• **Problem description**:
Set down the lines below, exactly, starting at the one that contains "Le Bureau Présidentiel" and stopping at the last line, inclusive. Omit pictures.

Data extracted from a collection

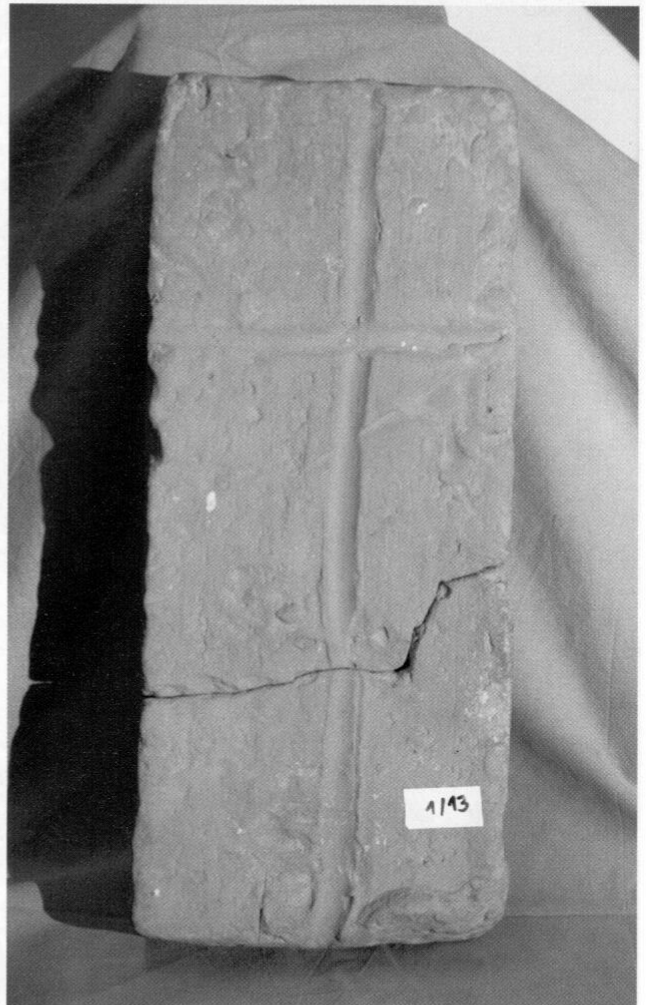
Abb. 11: Römischer Mauerziegel ( testa ) mit Kreuz.

Kaiser Constantin I. führte 313 n. Chr. durch das Toleranzedikt von Mailand das Christentum ein.
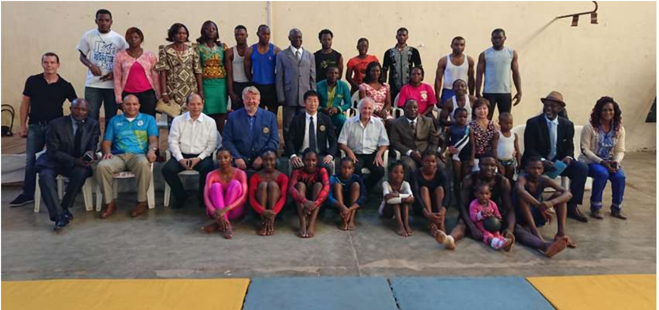
Le Bureau Présidentiel a rencontré des gymnastes à Yaoundé, au Cameroun, s'entraînant sur des tapis de judo.

Certaines fédérations ayant des membres au CE pourraient devoir ainsi assumer des frais de voyage supplémentaires, tandis que d'autres fédérations pourraient avoir des frais moindres. J'aimerais que les fédérations concernées fassent preuve de coopération et de compréhension et je les en remercie par avance.
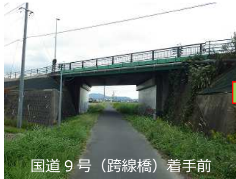
国道 9 号 (跨線橋) 着手前
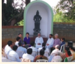
ಜಪಾನಿನ, ನಮ್ಮ ದೂರಕಲಿಕೆ ಸಾಧಕರು ಡಿಸೆಂಬರ್ ತಿಂಗಳ "iGuruji" ಚರ್ಚೆಯಲ್ಲಿ ಭಾಗವಹಿಸಿದರು.

ನಿಮ್ಮ ಸ್ನೇಹಿತರಿಗೆ ತಪೋವಾಣಿಯನ್ನು ಉಡುಗೊರೆಯಾಗಿ ಕೊಡಿ. ವಾರ್ಷಿಕ ಚಂದಾ ದೊಂದಿಗೆ ಅವರ ಹೆಸರು ಮತ್ತು ವಿಳಾಸವನ್ನು ನಮಗೆ ಕಳುಹಿಸಿ.
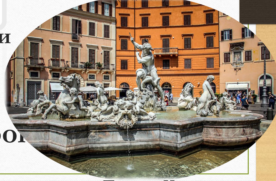
Площадь Навона (1648-1654)
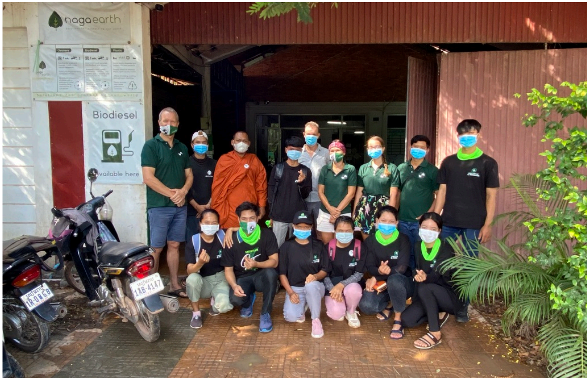
Bij Naga Earth

In ieder project dat werkt met studenten is continuïteit een belangrijke zorg. Chikara Cambodia, zowel het lokale als het Nederlandse team, besteedt heel veel tijd aan de individuele studenten. Ook worden er veel groepsopdrachten vervuld. Bijvoorbeeld de 'Environmental Projects'. Het feit dat de studenten geacht worden om voor de support die ze krijgen iets (gezamenlijk) terug te doen, heeft een sterk motiverend effect. In de afgelopen twee jaar hebben we dan ook geen uitval en hopen dat dit zo blijft.
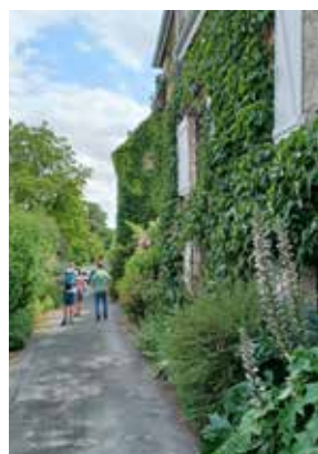
Découverte des ruelles

Elle nous a fait découvrir les ruines du château médiéval, son histoire et expliqué la partie sauvegarde de cette forteresse.
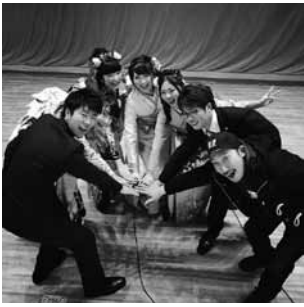
平成27年の実行委員
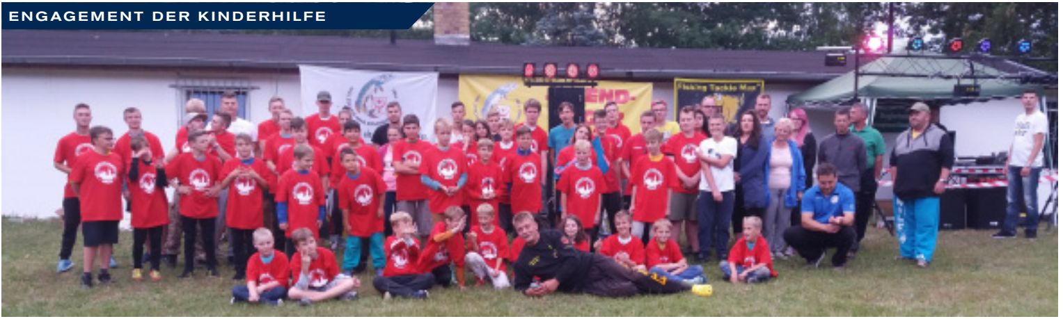
Super Stimmung und „die beste Zeit des Lebens“: Die AWO Halle ist mit Jugendlichen zum Angelcamp an den Muldestausee gefahren.

• **Your solution**:
Le Bureau Présidentiel a rencontré des gymnastes à Yaoundé, au Cameroun, s'entraînant sur des tapis de judo.

Certaines fédérations ayant des membres au CE pourraient devoir ainsi assumer des frais de voyage supplémentaires, tandis que d'autres fédérations pourraient avoir des frais moindres. J'aimerais que les fédérations concernées fassent preuve de coopération et de compréhension et je les en remercie par avance.
国道 9 号 (跨線橋) 着手前
ಜಪಾನಿನ, ನಮ್ಮ ದೂರಕಲಿಕೆ ಸಾಧಕರು ಡಿಸೆಂಬರ್ ತಿಂಗಳ "iGuruji" ಚರ್ಚೆಯಲ್ಲಿ ಭಾಗವಹಿಸಿದರು.

ನಿಮ್ಮ ಸ್ನೇಹಿತರಿಗೆ ತಪೋವಾಣಿಯನ್ನು ಉಡುಗೊರೆಯಾಗಿ ಕೊಡಿ. ವಾರ್ಷಿಕ ಚಂದಾ ದೊಂದಿಗೆ ಅವರ ಹೆಸರು ಮತ್ತು ವಿಳಾಸವನ್ನು ನಮಗೆ ಕಳುಹಿಸಿ.
Площадь Навона (1648-1654)
Bij Naga Earth

In ieder project dat werkt met studenten is continuïteit een belangrijke zorg. Chikara Cambodia, zowel het lokale als het Nederlandse team, besteedt heel veel tijd aan de individuele studenten. Ook worden er veel groepsopdrachten vervuld. Bijvoorbeeld de 'Environmental Projects'. Het feit dat de studenten geacht worden om voor de support die ze krijgen iets (gezamenlijk) terug te doen, heeft een sterk motiverend effect. In de afgelopen twee jaar hebben we dan ook geen uitval en hopen dat dit zo blijft.
Découverte des ruelles

Elle nous a fait découvrir les ruines du château médiéval, son histoire et expliqué la partie sauvegarde de cette forteresse.
平成27年の実行委員
Super Stimmung und „die beste Zeit des Lebens“: Die AWO Halle ist mit Jugendlichen zum Angelcamp an den Muldestausee gefahren.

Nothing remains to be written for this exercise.